In [1]:
" Import the libraries " 

import os
import sys 
import math
import copy

import numpy as np
import pandas as pd

from sklearn.neural_network import MLPRegressor
from sklearn.pipeline import make_pipeline
from sklearn.preprocessing import StandardScaler

In [2]:
" Import the scripts of SD for Explaining and the supplementary scripts for neighbors generation"

absFilePath = os.path.dirname(os.path.dirname(os.path.dirname(os.getcwd())))
newPath = os.path.join(absFilePath, 'SplitSD4X\\')
sys.path.append(newPath)

newPath_supp = os.path.join(newPath, 'supplementary')
sys.path.append(newPath_supp)

from fill_missing_values import *
from missing_values_table import *
from subgroups_discovery import *

from neighbors_generation import *

## Data Preparation 

In [3]:
" Loading the dataset "
datasets_path = os.path.join(absFilePath, 'Datasets\\')
url = datasets_path + 'data_bike_hour.csv'
df = pd.read_csv(url)
df = df.drop(['instant','dteday','casual','registered'],axis =1)

" Handling some data "
df = df.drop(df[df.weathersit == 4].index)
df[df["weathersit"] == 4]

" Decode Categorical Features "

weekday_mapper = {0 : 'Sun', 
                  1 : 'Mon',
                  2 : 'Tue',
                  3 : 'Wed',
                  4 : 'Thu',
                  5 : 'Fri',
                  6 : 'Sat' }
weekday_mapper_inv = dict(map(reversed, weekday_mapper.items()))
df['weekday'] = df['weekday'].replace(weekday_mapper)

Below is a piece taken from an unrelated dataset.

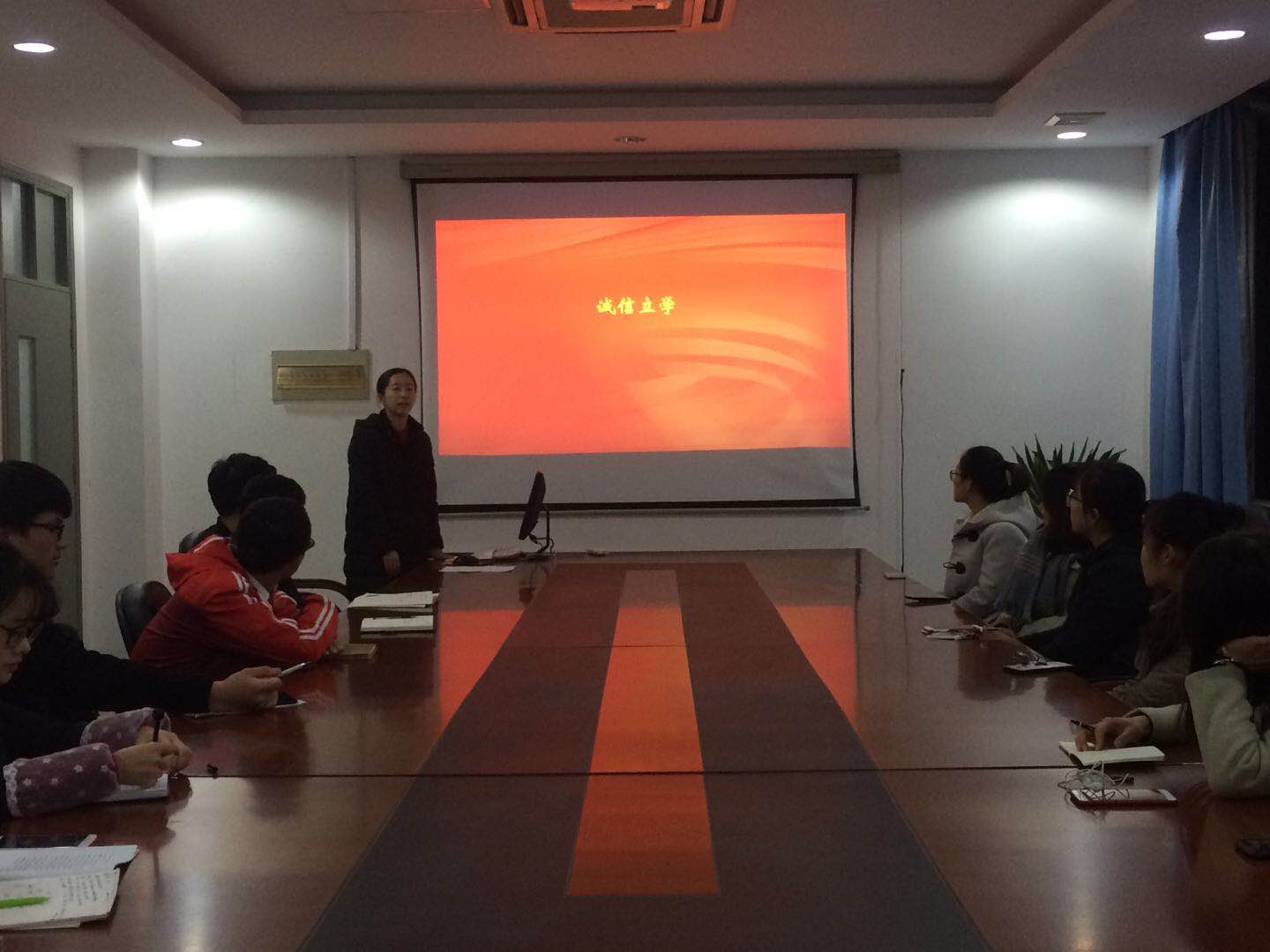 11月30日晚上6点,食品学院“科学道德与学风建设”主题班会在A209举行,班会主题为“诚信立学”。2017级党员和学生干部参加,实习辅导员盛红主持。

holiday_mapper = {0 : 'No_Holiday',
                  1 : 'Holiday'}
holiday_mapper_inv = dict(map(reversed, holiday_mapper.items()))
df['holiday'] = df['holiday'].replace(holiday_mapper)

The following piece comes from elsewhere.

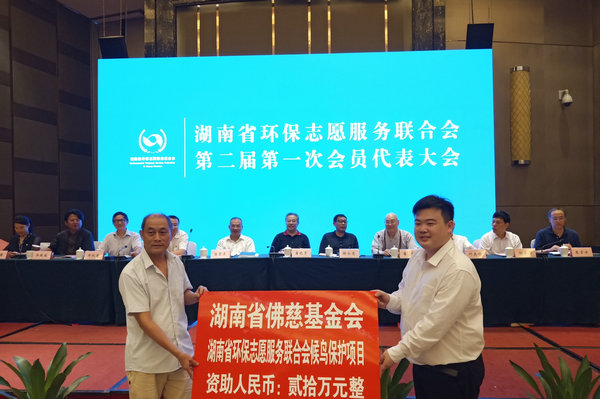 会上,湖南省环保联合会第一届会长何建军代表第一届理事会作工作报告,全面总结了联合会第一届的工作,并就联合会下一个五如何开展工作进行了谋划。会议通过了《湖南省生态保护志愿服务联合会(草案)》,选举了周秋光为湖南省环保志愿服务联合会第二届理事会会长,聘请了唐之享、张永忠、何真临、伍继延为联合会顾问,圣辉长老再次被礼请为名誉会长。第五届全国道德模范刘真茂、中国好人蒋科、全国最美生态志愿者张运和、湖南好人刘惟炳被聘为终身荣誉理事。会议对联合会第一届优秀会员进行了表彰,省佛慈基金会现场捐赠20万人民币用于候鸟保护项目。

workingday_mapper = {0 : 'No_Working_Day',
                     1 : 'Working_Day'}
workingday_mapper_inv = dict(map(reversed, workingday_mapper.items()))
df['workingday'] = df['workingday'].replace(workingday_mapper)

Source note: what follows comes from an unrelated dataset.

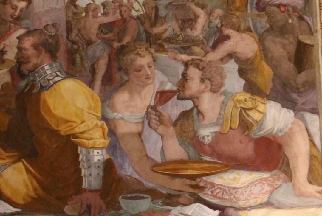 ▲壁画《努米底亚西法克斯宴会》(1578-1582,局部)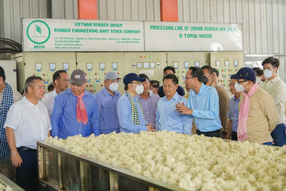តមកទៀត ឯកឧត្ដមឧបនាយករដ្ឋមន្រ្តីប្រចាំការ និងប្រតិភូ ក៏បានបន្តចុះពិនិត្យខ្សែច្រវាក់ផលិតកម្មកែច្នៃ​កៅស៊ូរបស់ក្រុមហ៊ុន ស៊ី​.​អ.ស៊ី.ខេ​.២ អភិ​វឌ្ឍន៍​ កៅ​ស៊ូ​ ឯ.ក និងក្រុមហ៊ុន បៀន​ ហៀក​ អ៊ិន​វេស​មេន ឯ.ក ក្នុងភូមិសាស្ត្រ​ស្រុកស្ទោង។ ក្រុមហ៊ុនទាំងពីរ បានវិនិយោគលើការដាំដុះនិងកែច្នៃកៅស៊ូ ដោយដាំដុះលើផ្ទៃដី១៦ ២៦៨,៦៨ហិកតា ប្រើទុន​វិនិយោគសរុបប្រមាណ ១០០លានដុល្លារអាម៉េរិក​ និងមានកម្មករសរុប ​៣ ៦០០នាក់ ហើយក្នុងឆ្នាំ២០២៥នេះបរិមាណជ័រកៅស៊ូកែច្នៃមានចំនួន ៤៨ ០០០តោន។

season_mapper = {1 : 'Spring',
                 2 : 'Summer',
                 3 : 'Fall',
                 4 : 'Winter'}
season_mapper_inv = dict(map(reversed, season_mapper.items()))
df['season'] = df['season'].replace(season_mapper)

wethersit_mapper = {1 : 'Good',
                    2 : 'Misty',
                    3 : 'Rain_Snow_Storm'}
wethersit_mapper_inv = dict(map(reversed, wethersit_mapper.items()))
df['weathersit'] = df['weathersit'].replace(wethersit_mapper)



mnth_mapper = {1  : 'Jan',
               2  : 'Feb',
               3  : 'Mar',
               4  : 'Apr',
               5  : 'May',
               6  : 'Jun',
               7  : 'Jul',
               8  : 'Aug',
               9  : 'Sep',
               10 : 'Oct',
               11 : 'Nov',
               12 : 'Dec'}
mnth_mapper_inv = dict(map(reversed, mnth_mapper.items()))
df['mnth'] = df['mnth'].replace(mnth_mapper)


yr_mapper = {0 : '2011',
             1 : '2012'}
yr_mapper_inv = dict(map(reversed, yr_mapper.items()))
df['yr'] = df['yr'].replace(yr_mapper)

# Numerical Features
df['temp'] = df['temp'] * (39 - (-8)) + (-8)
df['atemp'] = df['atemp'] * (50 - (16)) + (16)
df['windspeed'] = df['windspeed'] * 67
df['hum'] = df['hum']*100

" separate the data and the target "
data_df = df.drop(columns=['cnt'])
target_df = df['cnt']

" calculate the categorical features mask "
categorical_feature_mask = (data_df.dtypes == object)
categorical_cols_names = data_df.columns[categorical_feature_mask].tolist()
numerical_cols_names = data_df.columns[~categorical_feature_mask].tolist()

" if no values missed we execute this code : "
data_df = pd.concat([data_df[numerical_cols_names], data_df[categorical_cols_names]],axis = 1)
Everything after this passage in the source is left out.